DEN HAAG - Een Soedanese man die ervan wordt beschuldigd duizenden regeringsgezinde Janjaweed-milities het bevel te hebben gegeven wreedheden uit te voeren, waaronder moord en verkrachting in de Soedanese regio Darfur, vertelde rechters van het Internationaal Strafhof vrijdag dat ze de verkeerde man hadden.

In het eerste proces bij het Internationaal Strafhof over vermeende wreedheden in Darfur, zeiden aanklagers eerder deze week dat Ali Muhammad Ali Abd-Al-Rahman de Janjaweed militieleider was, bekend onder de schuilnaam Ali Kushayb, die regeringsgezinde strijders leidde op het hoogtepunt van de gevechten in 2003-2004.

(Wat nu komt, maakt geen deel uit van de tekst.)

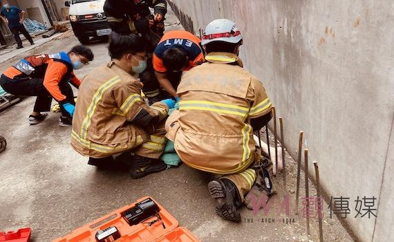 台南市消防局勤務中心下午1時59分許接獲報案,位於南區永成路有民眾因墜樓,身體被鋼筋插入,需要破壞器材與救護車救援。消防人員趕抵線場,在1處新建工地1樓發現,1名女子倒臥地上,下腹部及右腳插入鋼筋,消防人員立即以破壞剪剪斷3支鋼筋,緊急送醫救治。

"Ik ben Ali Kushayb niet. Ik ken deze persoon niet," zei Abd-Al-Rahman tegen de rechters aan het einde van zijn proces.

De beklaagde zei dat hij zich in 2020 vrijwillig had overgegeven aan de rechtbank om zijn naam te zuiveren, en voegde eraan toe dat hij niets te maken had met de beschuldigingen tegen hem. Advocaten voor Abd-Al-Rahman hebben opgeroepen tot vrijspraak.

In zijn slotverklaring vertelde de aanklager van het ICC, Karim Khan, de rechters dat getuigen van de aanklager tijdens het proces "gedetailleerde verslagen hadden gegeven van massamoord, marteling, verkrachting, het als doelwit nemen van burgers, het verbranden en plunderen van hele dorpen" en dat hij zijn zaak buiten redelijke twijfel had bewezen.

De slotpleidooien markeren het einde van het eerste en enige proces van het ICC over misdaden in Soedan sinds de zaak in 2005 door de Veiligheidsraad van de Verenigde Naties naar het ICC werd verwezen.

Er lopen nog arrestatiebevelen tegen Soedanese functionarissen, waaronder een arrestatiebevel waarin voormalig president Omar al-Bashir van genocide wordt beschuldigd.